Mercados de commodities são geralmente fortemente ligados à moeda dos EUA. O preço dos metais, grãos e hidrocarbonetos é formado nas principais bolsas do mundo, em Nova York, Londres, Chicago. Os cálculos para eles são realizados principalmente em dólares. Um país que mudou para um nacional quando é vendido inevitavelmente se colocará em desvantagem em relação a outros fornecedores, porque os compradores sofrerão perdas devido a diferenças cambiais ao trocar de dólares, por exemplo, para rublos.

Além disso, as moedas dos países em desenvolvimento, como Rússia, Turquia, Irã e Venezuela, são muito instáveis, o que limita seu uso em transações financeiras internacionais. Portanto, ainda é possível convencer os parceiros comerciais a mudar para rublos, mas é improvável que eles os utilizem como reservas. A fim de falar seriamente sobre a convertibilidade do rublo, a participação da economia russa no mundo deve ser aumentada para pelo menos 5-6%.
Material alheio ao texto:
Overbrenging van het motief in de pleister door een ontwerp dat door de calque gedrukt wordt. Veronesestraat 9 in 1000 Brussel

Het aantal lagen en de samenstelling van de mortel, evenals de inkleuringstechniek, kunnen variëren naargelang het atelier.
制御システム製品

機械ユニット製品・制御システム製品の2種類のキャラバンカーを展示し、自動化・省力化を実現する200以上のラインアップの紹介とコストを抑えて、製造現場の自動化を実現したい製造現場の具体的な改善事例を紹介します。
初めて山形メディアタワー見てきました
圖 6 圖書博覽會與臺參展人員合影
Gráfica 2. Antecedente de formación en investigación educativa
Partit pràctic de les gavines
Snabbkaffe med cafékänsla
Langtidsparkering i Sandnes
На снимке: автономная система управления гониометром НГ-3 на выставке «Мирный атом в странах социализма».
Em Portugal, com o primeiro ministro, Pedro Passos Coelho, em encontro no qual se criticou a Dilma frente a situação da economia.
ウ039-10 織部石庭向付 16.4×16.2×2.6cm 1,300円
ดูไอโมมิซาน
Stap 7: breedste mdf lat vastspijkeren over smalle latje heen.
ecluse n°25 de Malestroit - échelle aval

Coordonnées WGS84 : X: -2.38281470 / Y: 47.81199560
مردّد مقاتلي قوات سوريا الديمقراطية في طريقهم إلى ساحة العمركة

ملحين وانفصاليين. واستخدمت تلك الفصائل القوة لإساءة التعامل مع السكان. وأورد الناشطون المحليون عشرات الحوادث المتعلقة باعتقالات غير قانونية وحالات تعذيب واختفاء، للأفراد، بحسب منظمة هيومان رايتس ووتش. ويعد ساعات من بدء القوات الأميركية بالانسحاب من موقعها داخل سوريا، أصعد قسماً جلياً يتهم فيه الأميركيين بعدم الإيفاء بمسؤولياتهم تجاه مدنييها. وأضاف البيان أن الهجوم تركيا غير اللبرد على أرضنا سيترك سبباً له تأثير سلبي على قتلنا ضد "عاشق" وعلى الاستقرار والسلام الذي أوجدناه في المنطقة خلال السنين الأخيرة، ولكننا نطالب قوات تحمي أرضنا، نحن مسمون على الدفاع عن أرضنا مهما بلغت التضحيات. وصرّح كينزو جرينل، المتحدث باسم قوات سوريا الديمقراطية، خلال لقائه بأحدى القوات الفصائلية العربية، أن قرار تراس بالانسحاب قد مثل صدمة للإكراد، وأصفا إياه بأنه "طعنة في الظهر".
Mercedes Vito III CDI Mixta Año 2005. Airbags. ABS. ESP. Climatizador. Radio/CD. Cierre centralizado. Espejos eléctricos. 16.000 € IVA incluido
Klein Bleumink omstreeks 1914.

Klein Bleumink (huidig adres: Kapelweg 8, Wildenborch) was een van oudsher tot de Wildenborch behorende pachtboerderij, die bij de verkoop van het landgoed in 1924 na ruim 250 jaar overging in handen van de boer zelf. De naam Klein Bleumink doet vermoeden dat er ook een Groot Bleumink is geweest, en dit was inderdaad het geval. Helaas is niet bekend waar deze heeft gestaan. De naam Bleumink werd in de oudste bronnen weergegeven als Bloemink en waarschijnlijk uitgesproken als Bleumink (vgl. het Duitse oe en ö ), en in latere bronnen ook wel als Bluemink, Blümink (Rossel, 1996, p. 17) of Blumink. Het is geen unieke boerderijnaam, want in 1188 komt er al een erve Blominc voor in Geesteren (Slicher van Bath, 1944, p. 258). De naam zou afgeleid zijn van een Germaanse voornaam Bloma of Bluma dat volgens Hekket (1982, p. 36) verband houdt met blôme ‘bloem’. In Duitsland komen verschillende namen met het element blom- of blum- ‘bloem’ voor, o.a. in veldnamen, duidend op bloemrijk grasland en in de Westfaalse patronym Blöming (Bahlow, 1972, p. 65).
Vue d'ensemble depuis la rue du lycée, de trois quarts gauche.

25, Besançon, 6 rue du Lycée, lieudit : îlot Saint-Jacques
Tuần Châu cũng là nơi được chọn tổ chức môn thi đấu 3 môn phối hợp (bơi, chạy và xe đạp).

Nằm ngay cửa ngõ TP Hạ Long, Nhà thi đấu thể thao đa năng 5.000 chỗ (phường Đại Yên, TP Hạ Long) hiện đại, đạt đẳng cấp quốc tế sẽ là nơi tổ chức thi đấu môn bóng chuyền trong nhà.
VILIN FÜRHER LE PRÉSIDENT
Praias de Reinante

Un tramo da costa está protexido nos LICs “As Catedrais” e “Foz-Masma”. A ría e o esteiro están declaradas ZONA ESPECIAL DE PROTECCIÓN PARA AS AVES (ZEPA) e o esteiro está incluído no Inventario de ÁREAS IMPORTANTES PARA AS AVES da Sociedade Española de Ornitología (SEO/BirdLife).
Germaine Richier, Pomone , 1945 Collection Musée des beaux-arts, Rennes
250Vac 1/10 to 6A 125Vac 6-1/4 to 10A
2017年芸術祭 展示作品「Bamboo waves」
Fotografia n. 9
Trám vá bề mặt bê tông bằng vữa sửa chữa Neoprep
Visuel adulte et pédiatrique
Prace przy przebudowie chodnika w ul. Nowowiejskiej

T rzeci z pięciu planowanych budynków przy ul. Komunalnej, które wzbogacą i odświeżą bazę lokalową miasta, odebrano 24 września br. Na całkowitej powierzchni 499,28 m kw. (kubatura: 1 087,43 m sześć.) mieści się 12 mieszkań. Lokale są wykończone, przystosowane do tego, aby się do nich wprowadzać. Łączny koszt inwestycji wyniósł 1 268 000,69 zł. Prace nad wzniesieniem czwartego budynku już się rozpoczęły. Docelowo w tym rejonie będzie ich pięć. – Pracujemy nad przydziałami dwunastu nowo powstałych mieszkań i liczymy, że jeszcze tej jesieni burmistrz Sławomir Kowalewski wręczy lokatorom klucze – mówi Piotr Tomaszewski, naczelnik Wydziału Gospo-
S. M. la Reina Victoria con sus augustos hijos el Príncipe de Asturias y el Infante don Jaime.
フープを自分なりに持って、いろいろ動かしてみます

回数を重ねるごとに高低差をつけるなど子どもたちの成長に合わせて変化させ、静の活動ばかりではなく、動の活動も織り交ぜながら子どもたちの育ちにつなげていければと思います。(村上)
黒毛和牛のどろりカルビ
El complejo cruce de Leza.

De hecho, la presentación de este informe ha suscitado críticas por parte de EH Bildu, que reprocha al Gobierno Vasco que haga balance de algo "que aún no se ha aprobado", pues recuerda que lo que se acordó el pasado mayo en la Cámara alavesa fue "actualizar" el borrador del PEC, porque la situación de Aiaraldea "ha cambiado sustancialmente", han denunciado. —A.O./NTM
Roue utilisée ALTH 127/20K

Atualmente, há uma tendência de uma queda gradual da parte do dólar nos assentamentos mundiais: a participação do euro está aumentando, o yuan está crescendo. No entanto, esses processos são muito lentos, levam anos e décadas.

Na Rússia, muitas vezes há pedidos para uma proibição total do dólar. Mas esta é definitivamente uma má ideia. Uma tentativa de implementá-lo inevitavelmente levará a um desastre em grande escala. Hoje, o mercado interno de câmbio em mais de 90% é o volume de negócios do dólar-rublo. A proibição da moeda dos EUA é quase garantida para causar hiperinflação e reviver o mercado negro com cambistas. Além disso, quaisquer restrições nesta área levarão a uma diminuição do investimento estrangeiro: por que as empresas estrangeiras devem investir em uma economia onde você só pode ganhar rublos?

Em conclusão, resta acrescentar que a hipotética recusa da Rússia em relação ao dólar dificilmente causará dano significativo aos Estados Unidos - nosso PIB é muito pequeno. Para ter um peso realmente sério no mundo moderno, é necessário ter uma economia forte e desenvolvida.